The Ḩanīsh Islands (Arabic: جزر حنيش) are an island group in the Red Sea. Most of them are a part of Yemen, but before 1998–1999 they were claimed by Eritrea as well. After a long trial in an international court under the guidance of Abdul Karim al-Iryani, Yemen was granted full ownership of the larger islands while Eritrea was awarded the peripheral islands to the southwest.
The three largest islands are Jabal Zuqar to the north (area ~130 km²), Al-Ḩanīsh al-Kabīr (Great Ḩanīsh) to the south (area ~116 km²), with the much smaller Al-Ḩanīsh al-Ṣaghīr (Little Ḩanīsh) between.

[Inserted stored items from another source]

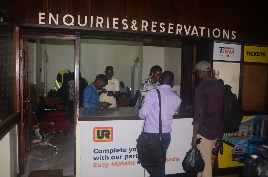Passengers buy tickets at a train station in Kampala, Uganda, May 2, 2024. (Photo by Nicholas Kajoba/Xinhua)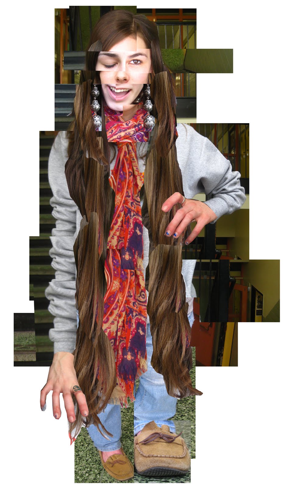 The person in my collage is a friend of mine. she agreed to do this product on the condition that I would not maker her look bad . She is also very nice and has nice qualities. Her name is chloe and she is a freshman . I took her picture in mrs FERLENDAS ART CLASS ROOM!!!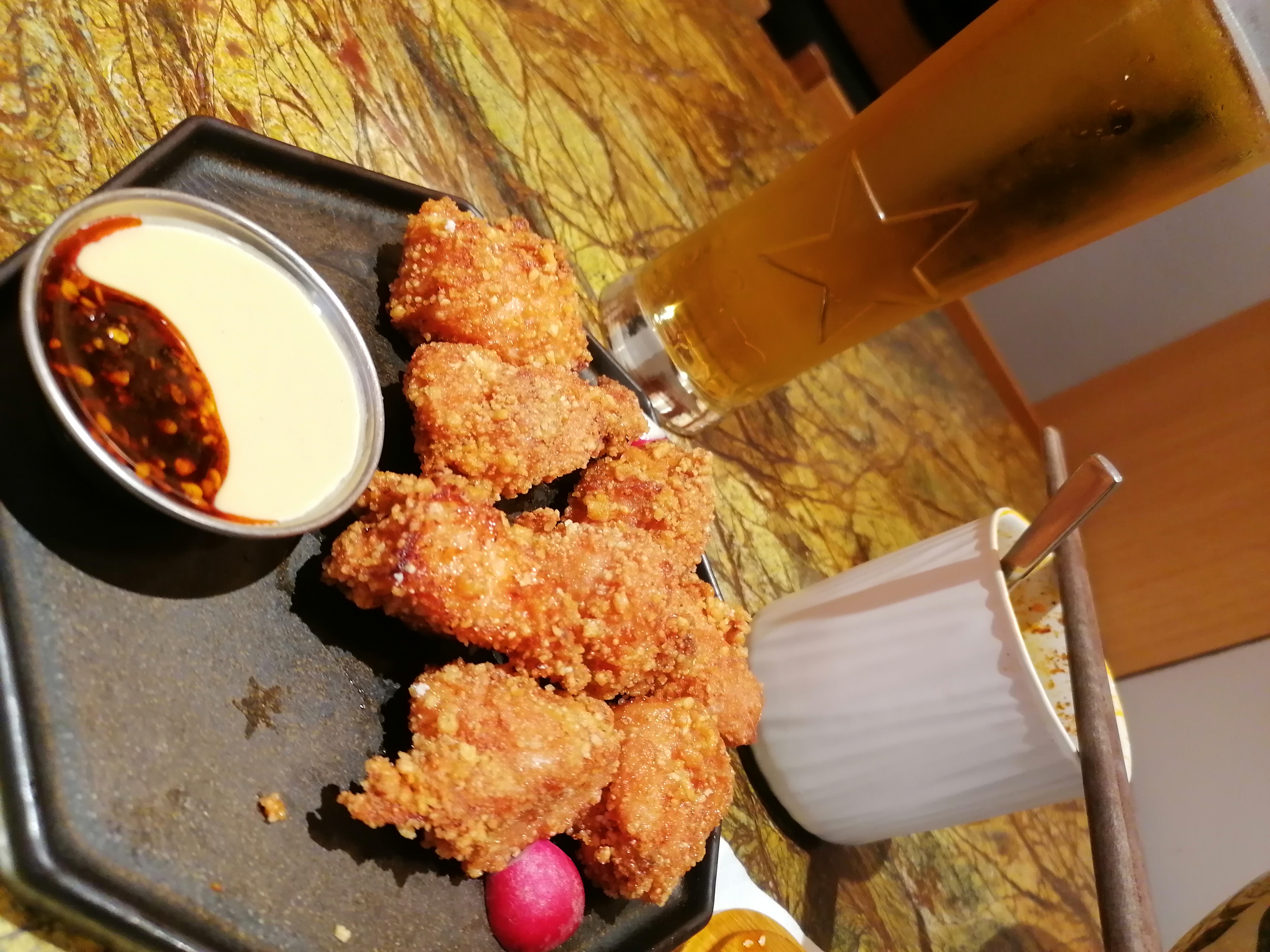 J'ai pris du poulet frit et des pâtes Biang Biang Tomate et Porc. Le poulet frit et la sauce c'était top 👌 Par contre les pâtes j'ai trouvé ça hyper moyen, fade, j'aurais aimé voyager en Asie mais c'est loupé... de la coriandre, ciboule, un peu plus de piment tout en gardant un équilibre, cacahuètes, ... Trop adapté à la France a tel point que l'on va finir par atterrir en Italie ! Étonné de voir la pression de Heineken, j'aurais préféré de la Asahi ou encore mieux de la Kirin !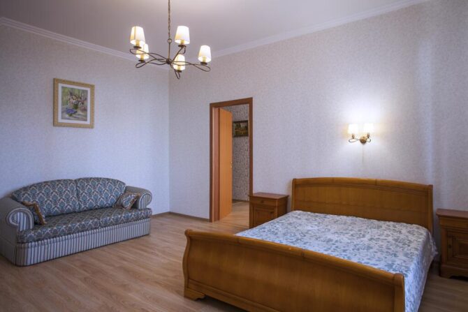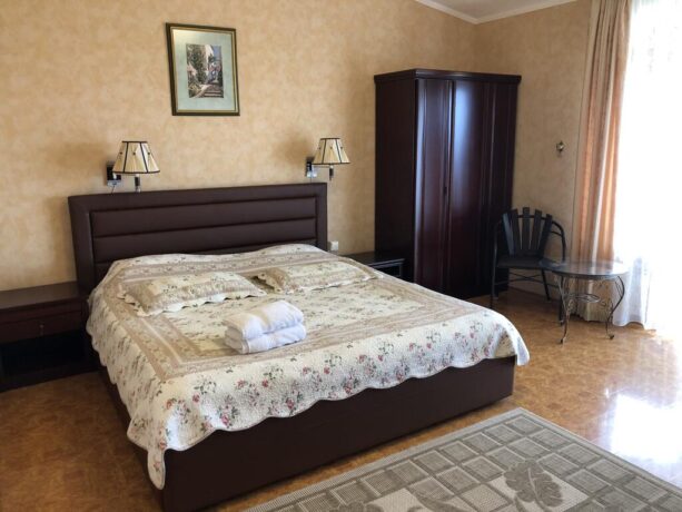 Вне зависимости от категории в каждой гостевой комнате установлена современная мебель, кровать с ортопедическим матрасом. Для большего комфорта есть индивидуальный санузел, кондиционер, спутниковое телевиденье, электрический чайник.

The Hanish Islands were claimed by the Ottoman Empire, a claim abandoned by Turkey in 1923. From that point forward they were administered by the Italian Colony of Eritrea until 1941. In 1941, after the surrender of the Italian colonial forces, the British army established Eritrea as a protectorate. Throughout the 1970s, Ethiopia (which had annexed Eritrea) and Yemen claimed the islands. Ethiopian interest in the Islands stemmed from the fact that Eritrean independence groups used the Hanish Islands, and the nearby Zuqar Island, as a base to attack Ethiopian military interests.
In 1991 Eritrea gained independence and in 1995 attempted to exercise sovereignty over the archipelago. This started the Hanish Islands conflict, which was eventually ended after a brief conflict between Eritrea and Yemen over the islands. In all, 3–12 Eritreans and 4–15 Yemenis were killed in the fighting.